Seminary ruined my ministry. By this I do not mean what we tired old priests often mean by this statement. I am referring here very specifically to the understanding of Holy Baptism that was beat into my head. Actually, it wasn’t beat into my head at all. I drank it in and embraced it in the heart. I was taught and have ever since believed that Baptism is the foundational sacrament of the Church and therefore must be attended to by as much prayer and catechetical preparation as is possible. The key influences here were my liturgics professor, Fr Louis Weil; the Lutheran theologian, Robert W. Jenson; but most especially the writings of the Catholic liturgist, Fr Aidan Kavanagh. Later on William Willimon and Stanley Hauerwas would come along to reinforce what I had already learned, that we no longer live in a Christian culture and therefore can no longer rely on the culture to transmit to our children the beliefs, values, and practices of Christian faith. The Church must become what it once was–a disciplined community.

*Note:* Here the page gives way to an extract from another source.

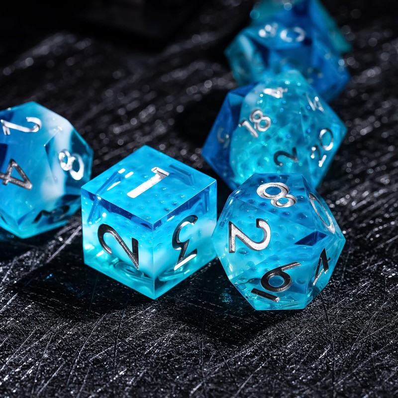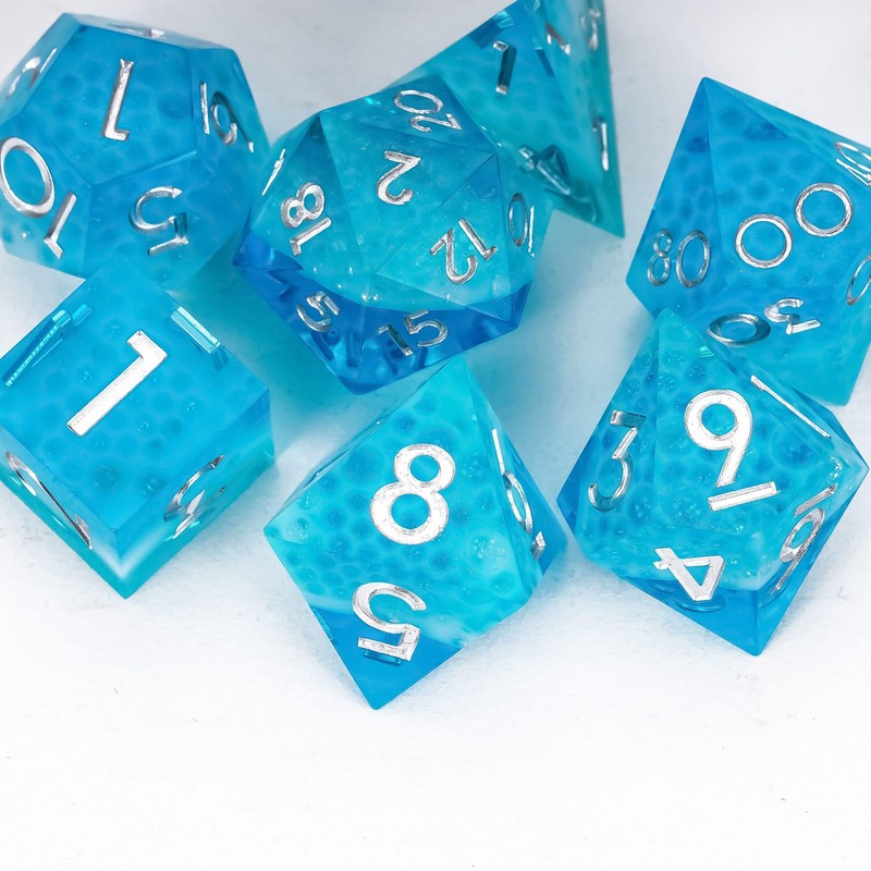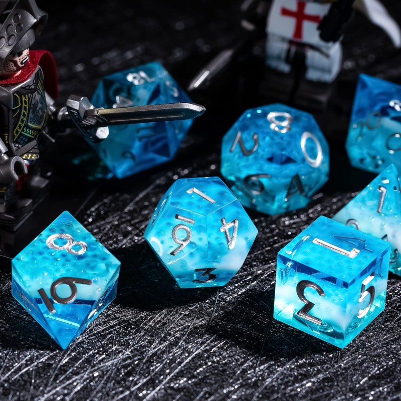 CRITALLIC 7PCS Cocktail DND Dice Set, Handmade Sharp Edge Dice Set D&D RPG Polyhedral Dice for Dungeons & Dragons TTRPG Roleplaying Game Shadowrun Pathfinder MTG with Gift Box(Blue Green)

Ecclesial discipline begins with the sacrament of Holy Baptism, the gateway into the community of faith. If we do not practice discipline at this point, we cannot effectively foster discipline later down the road. Baptism is not a right. It is a privilege and gift that the Church is authorized to administer under very specific conditions.
I remember years ago hearing an apocryphal story of Catholic missionaries to Indonesia who would beat drums and make a lot of noise in a village, so that its inhabitants would come out of their huts to see what was going on–at which point they would be met by the missionaries, water buckets in hand: “Ego te baptizo …”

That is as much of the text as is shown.